## Recorded data
● ● ● ● ● ● ●

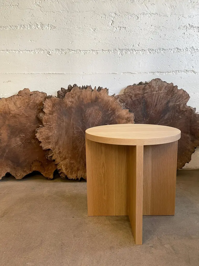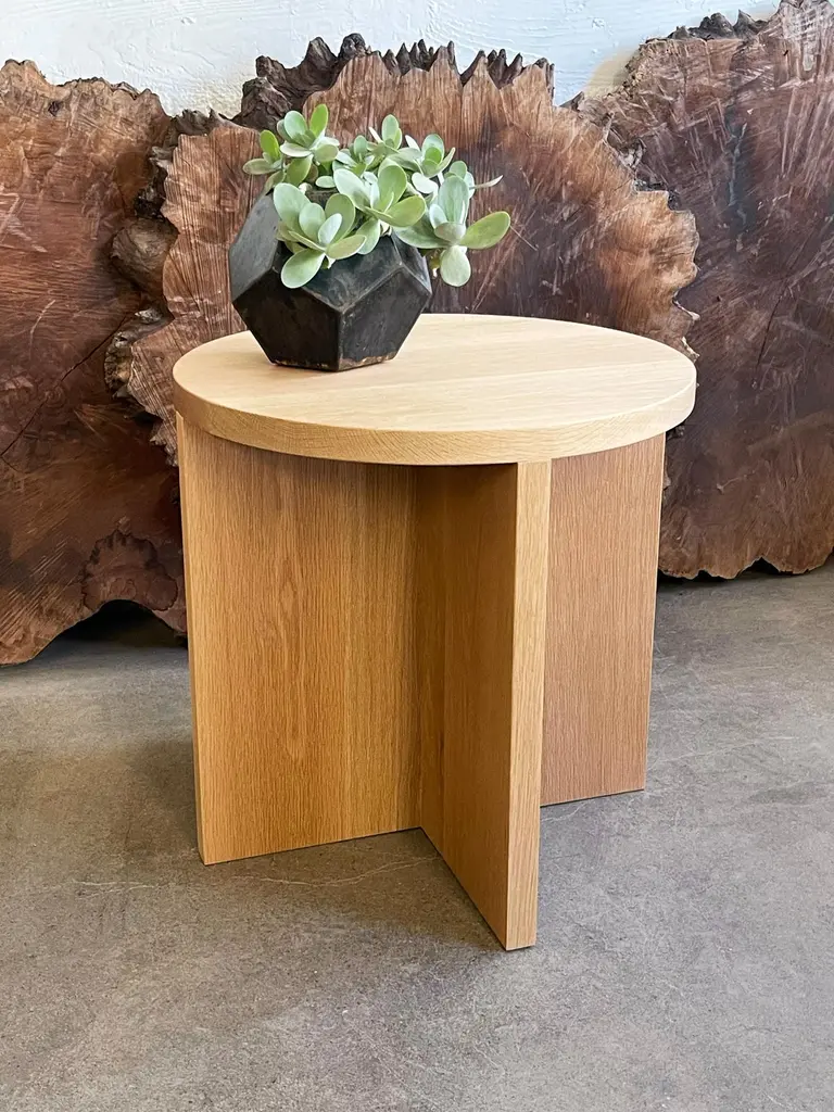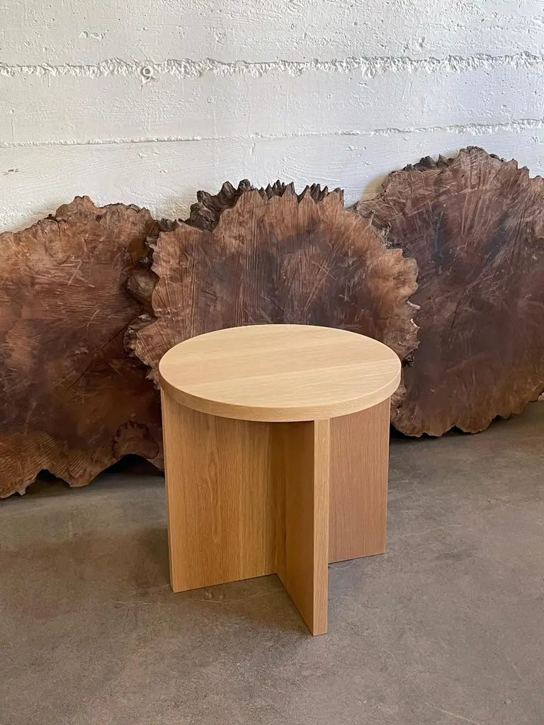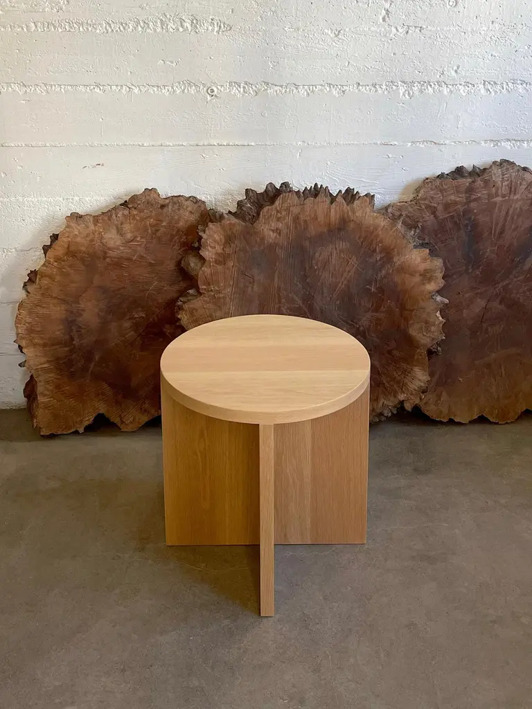 Solid oak side table in white oak with round top measuring 21" diameter and 21" tall. Also works great as a nightstand. With a clean and minimal design, these stools are handmade in Material's workshop in Portland, Oregon with mortise and tenon joinery in Material's workshop. Also available with a square top, in a number of wood species.This piece is customizable, if you have preferred dimensions, just let us know, we are here to help!
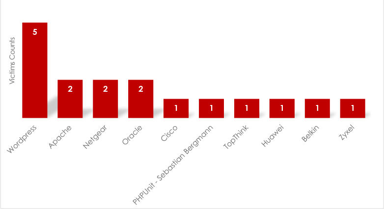 WordPress appears as the most frequently exploited platform, primarily due to vulnerable plugins, outdated installations, and exposed administrative interfaces. A second tier includes Apache Software Foundation, Netgear, and Oracle Corporation, where misconfigured web services, unpatched vulnerabilities, and exposed enterprise applications provide initial access opportunities.
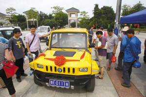 去年5月,高明區新能源汽車推廣應用綜合示范試點啟動儀式舉行,現場的新能源汽車引來不少市民觀看。(資料圖片)/佛山日報記者王偉楠攝

● ● ● ● ● ● ●

## Problem requirements
Leave the pictures out, and please copy only the lines from the one with "WordPress appears as" through the end of the listing.

## Result of this exercise
 WordPress appears as the most frequently exploited platform, primarily due to vulnerable plugins, outdated installations, and exposed administrative interfaces. A second tier includes Apache Software Foundation, Netgear, and Oracle Corporation, where misconfigured web services, unpatched vulnerabilities, and exposed enterprise applications provide initial access opportunities.
 去年5月,高明區新能源汽車推廣應用綜合示范試點啟動儀式舉行,現場的新能源汽車引來不少市民觀看。(資料圖片)/佛山日報記者王偉楠攝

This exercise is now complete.